A mystery: at one time he had existed, now he did not. It was time to face the most unsatisfactory result of all: his uncle was not in Halifax but somewhere else in Canada – or, for that matter, he could be anywhere. And it explained why no one seemed to know of a Kydd in Halifax. He would regretfully conclude his search and write to his father accordingly.
‘If you’d be so good, Tom . . .’ Adams seemed anxious, but it did not take much imagination to grasp why he would want to absent himself from church that Sunday morning.
‘I trust she’s so charming you hold it of no account that you put your immortal soul to hazard?’ Kydd said. The captain had made it plain that he wanted an officer from Tenacious at the morning service on Sundays, and it was Adams’s turn.
Kydd had no strong feelings about religion, although he enjoyed the hearty singing of the grand old hymns. With his Methodist upbringing he was inured to sitting inactive for long periods.
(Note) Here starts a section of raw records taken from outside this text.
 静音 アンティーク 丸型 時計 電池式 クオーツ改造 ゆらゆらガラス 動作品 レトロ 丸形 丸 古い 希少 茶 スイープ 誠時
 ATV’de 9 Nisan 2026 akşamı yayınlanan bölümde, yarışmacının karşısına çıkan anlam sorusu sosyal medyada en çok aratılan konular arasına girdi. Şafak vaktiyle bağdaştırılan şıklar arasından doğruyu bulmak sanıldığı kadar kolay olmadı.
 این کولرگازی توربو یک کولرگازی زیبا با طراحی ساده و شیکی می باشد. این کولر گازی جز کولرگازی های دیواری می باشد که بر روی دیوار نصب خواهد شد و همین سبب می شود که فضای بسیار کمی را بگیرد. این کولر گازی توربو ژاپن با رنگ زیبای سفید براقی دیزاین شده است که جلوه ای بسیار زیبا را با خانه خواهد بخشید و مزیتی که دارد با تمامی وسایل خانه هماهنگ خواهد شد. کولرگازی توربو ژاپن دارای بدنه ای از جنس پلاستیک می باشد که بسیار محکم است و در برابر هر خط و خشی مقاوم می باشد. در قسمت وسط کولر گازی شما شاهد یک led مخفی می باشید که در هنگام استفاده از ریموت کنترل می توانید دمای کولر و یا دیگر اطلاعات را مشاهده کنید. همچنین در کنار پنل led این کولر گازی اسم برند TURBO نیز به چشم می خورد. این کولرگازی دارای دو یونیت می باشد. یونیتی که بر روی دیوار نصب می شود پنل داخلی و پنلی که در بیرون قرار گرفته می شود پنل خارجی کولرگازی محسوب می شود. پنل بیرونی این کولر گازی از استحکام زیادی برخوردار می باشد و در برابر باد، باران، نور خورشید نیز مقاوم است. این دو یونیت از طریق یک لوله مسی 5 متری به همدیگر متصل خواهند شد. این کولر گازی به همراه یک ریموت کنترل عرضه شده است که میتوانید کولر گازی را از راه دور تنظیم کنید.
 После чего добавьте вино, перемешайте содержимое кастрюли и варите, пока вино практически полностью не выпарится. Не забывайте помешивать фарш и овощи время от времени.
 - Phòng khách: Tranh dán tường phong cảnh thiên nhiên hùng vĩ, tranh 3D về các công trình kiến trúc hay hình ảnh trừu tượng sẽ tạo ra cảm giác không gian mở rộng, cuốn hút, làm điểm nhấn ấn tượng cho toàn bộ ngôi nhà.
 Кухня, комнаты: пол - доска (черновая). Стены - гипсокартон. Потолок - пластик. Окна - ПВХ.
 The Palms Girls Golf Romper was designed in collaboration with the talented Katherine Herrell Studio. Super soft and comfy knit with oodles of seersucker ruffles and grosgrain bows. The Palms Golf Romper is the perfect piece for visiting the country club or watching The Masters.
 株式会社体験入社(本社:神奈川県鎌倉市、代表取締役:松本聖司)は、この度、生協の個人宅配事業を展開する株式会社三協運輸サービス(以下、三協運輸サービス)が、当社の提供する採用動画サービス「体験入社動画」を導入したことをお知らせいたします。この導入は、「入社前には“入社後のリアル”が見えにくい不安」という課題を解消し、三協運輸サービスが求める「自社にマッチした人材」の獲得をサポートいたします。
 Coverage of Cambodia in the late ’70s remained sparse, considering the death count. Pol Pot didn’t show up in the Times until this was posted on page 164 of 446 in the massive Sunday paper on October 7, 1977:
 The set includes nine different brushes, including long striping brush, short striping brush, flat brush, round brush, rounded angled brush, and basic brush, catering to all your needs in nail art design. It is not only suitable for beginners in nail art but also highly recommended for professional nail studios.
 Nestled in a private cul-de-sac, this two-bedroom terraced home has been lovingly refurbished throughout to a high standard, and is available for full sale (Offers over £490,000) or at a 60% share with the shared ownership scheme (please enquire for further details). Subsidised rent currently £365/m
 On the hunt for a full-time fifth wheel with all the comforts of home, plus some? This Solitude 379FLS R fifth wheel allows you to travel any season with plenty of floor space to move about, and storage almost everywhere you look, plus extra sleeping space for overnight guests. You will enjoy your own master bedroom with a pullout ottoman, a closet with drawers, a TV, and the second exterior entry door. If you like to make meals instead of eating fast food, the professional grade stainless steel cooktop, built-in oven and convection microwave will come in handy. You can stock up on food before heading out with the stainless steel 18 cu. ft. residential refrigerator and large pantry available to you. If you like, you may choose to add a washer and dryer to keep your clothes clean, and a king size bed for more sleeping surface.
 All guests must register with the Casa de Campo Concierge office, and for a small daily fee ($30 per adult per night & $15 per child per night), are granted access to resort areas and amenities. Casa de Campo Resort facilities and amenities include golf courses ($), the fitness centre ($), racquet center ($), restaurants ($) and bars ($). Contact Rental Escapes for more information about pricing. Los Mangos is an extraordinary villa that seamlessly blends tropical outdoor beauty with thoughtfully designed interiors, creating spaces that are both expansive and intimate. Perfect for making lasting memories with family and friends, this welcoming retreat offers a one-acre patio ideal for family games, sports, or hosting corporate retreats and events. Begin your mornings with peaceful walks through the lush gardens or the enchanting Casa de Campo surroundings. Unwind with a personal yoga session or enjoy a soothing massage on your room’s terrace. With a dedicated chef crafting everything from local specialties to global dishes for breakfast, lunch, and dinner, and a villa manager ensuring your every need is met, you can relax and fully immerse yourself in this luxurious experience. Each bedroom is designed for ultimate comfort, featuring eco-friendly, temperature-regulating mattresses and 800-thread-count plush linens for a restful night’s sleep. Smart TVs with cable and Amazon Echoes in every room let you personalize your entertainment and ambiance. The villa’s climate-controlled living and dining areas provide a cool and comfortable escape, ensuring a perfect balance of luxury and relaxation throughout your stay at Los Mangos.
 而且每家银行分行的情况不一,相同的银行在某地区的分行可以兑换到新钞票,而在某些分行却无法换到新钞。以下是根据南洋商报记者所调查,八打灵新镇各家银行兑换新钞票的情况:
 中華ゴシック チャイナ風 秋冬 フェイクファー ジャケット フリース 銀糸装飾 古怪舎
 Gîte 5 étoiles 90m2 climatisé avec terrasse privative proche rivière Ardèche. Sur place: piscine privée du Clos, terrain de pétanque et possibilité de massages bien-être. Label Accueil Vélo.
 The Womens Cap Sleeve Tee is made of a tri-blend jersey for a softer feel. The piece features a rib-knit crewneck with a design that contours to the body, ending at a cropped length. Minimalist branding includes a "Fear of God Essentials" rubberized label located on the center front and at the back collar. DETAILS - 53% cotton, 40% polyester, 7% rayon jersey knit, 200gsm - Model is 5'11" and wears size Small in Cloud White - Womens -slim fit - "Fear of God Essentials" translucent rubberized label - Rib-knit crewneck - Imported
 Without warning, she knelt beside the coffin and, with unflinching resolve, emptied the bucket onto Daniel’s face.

Army officers with ladies on their arms swept into the church. Other ranks waited respectfully outside and would crowd in later. Kydd took off his hat and made his way inside, settling for an outside seat in a pew towards the front, nodding to the one or two other naval officers scattered about.
A pleasant-faced woman sat down next to him and flashed him an impish smile. ‘There, my dear,’ said the stern, stiffly dressed man by her, settling a rug about her knees.
‘Thank you,’ she said, and as soon as it was seemly to do so, turned to Kydd and whispered, ‘I don’t think I’ve seen you here, sir.’
‘Lieutenant Kydd of the Tenacious,’ he whispered back, unsure of the etiquette of the occasion.
‘Mrs Cox. Your first visit to Halifax, Lieutenant?’
The church was filling fast but the front pew was still decorously empty.